DR. JOHN PLUNKETT / 593

Dr. John Plunkett
I am pretty impressed with the caliber of medical and bio-mechanical experts, pathologists and lawyers who served as presenters at the recent Evidence Based Medicine and Social Investigation Conference held in Surrey last weekend. Paul and Zabeth Bayne deserve applause for envisioning this conference and making it happen.

One example is a forensic pathologist Dr. John Plunkett, a leading critic of shaken baby syndrome and a thorn in the side of child abuse prosecutors.

His topic was ‘The differential diagnosis for subdural hemorrhage and retinal hemorrhage in children under the age of two.’ It was during the 1970s, that “shaking” was advanced as a theory to explain a triad of findings (subdural hemorrhage, retinal hemorrhage, and/or brain swelling) when it appears in infants or children who have no signs of trauma. The idea was that when there are no signs of abuse, the bleeding can be explained immediately by slapping the SBS label on the case.

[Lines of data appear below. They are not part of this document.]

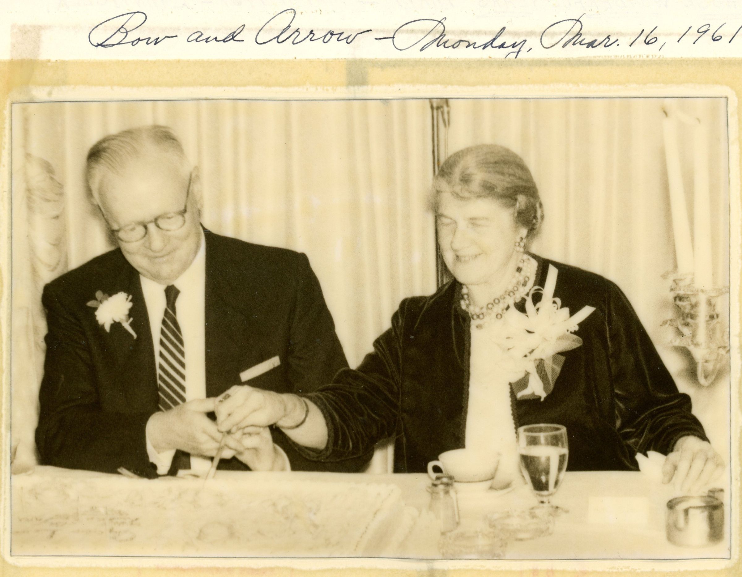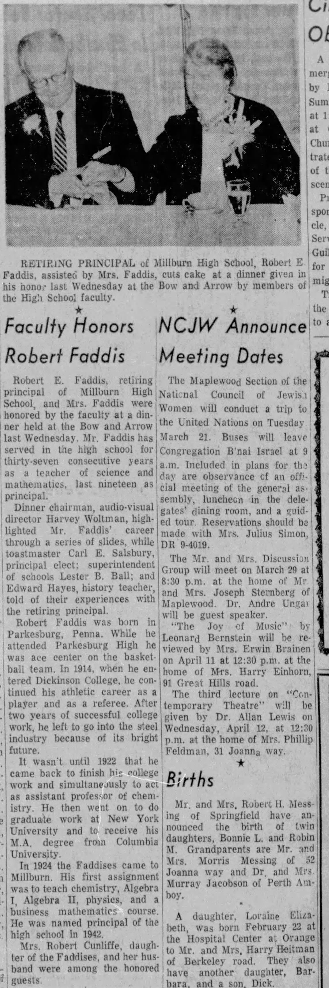 Photograph of Robert and Sarah Faddis at faculty dinner at the Bow and Arrow restaurant in their honor on March 16, 1961. The dinner was held by faculty members in honor of Faddis's retirement from the Millburn public schools in June 1961.Collection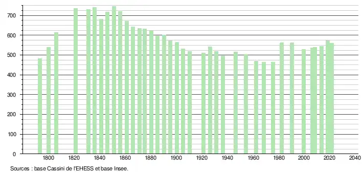 L'évolution du nombre d'habitants est connue à travers les recensements de la population effectués dans la commune depuis 1793. Pour les communes de moins de 10 000 habitants, une enquête de recensement portant sur toute la population est réalisée tous les cinq ans, les populations légales des années intermédiaires étant quant à elles estimées par interpolation ou extrapolation[19]. Pour la commune, le premier recensement exhaustif entrant dans le cadre du nouveau dispositif a été réalisé en 2008[20].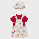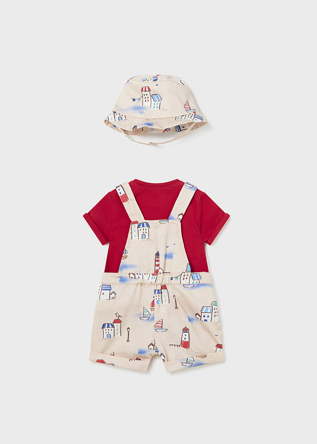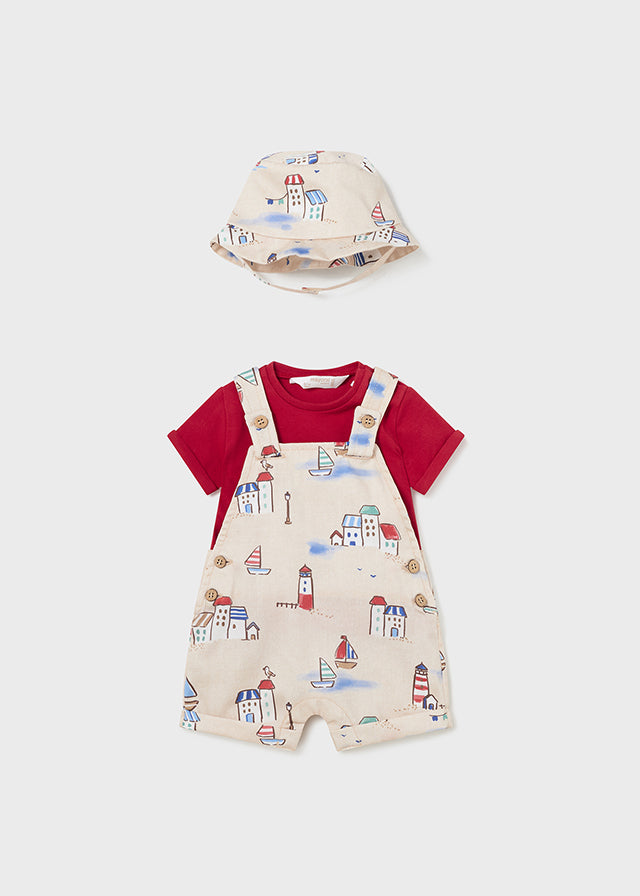 Originale pantalone salopette per neonato. Chiusura con bottoni a pressione nell'interno cosce per agevolare la vestibilità. Chiusura con bottone a pressione per agevolare la vestibilità. Design stampato.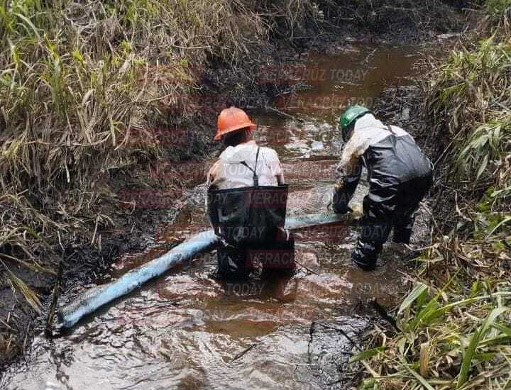 Por lluvias, hidrocarburo se extiende en más de seis kilómetros de arroyo, tras derrame en Ixhuatlán

The theory was that shaking caused these findings by rupturing bridging veins and tearing the axons within the brain. His categorical censure of SBS is “You can’t cause the injuries said to be caused by shaking.” Plunkett’s work and opinions were among the many that began to change thinking in the medical community. He authored a widely cited 2001 scientific article on short distance falls that called into question the whole theory behind shaken baby syndrome. Now you find steadfast adherents of SBS have added trauma to their definition. In recent years and current cases, judges view SBS as itself a theory undergoing tests and it has not reached acceptance in the scientific community. Some judges are beginning to bar the use of the term “shaken baby syndrome” on the basis that it is a possible prejudicial influence on jurors. Of course the same insinuations against parents can be made using different labels and the latest I have heard is 'Inflicted childhood neurotrauma.' 

It is bewildering that our own Children’s Hospital still permits physicians to diagnose SBS with no other evidence of manifest injuries and thereby to empower the physician to diagnose a legal conclusion. That’s precisely what MCFD and Fraser Valley regional staff and director employed as the foundation for their allegations against Paul and Zabeth Bayne in 2007 and all the way to March 2010 when Judge Crabtree put the SBS claim on ice.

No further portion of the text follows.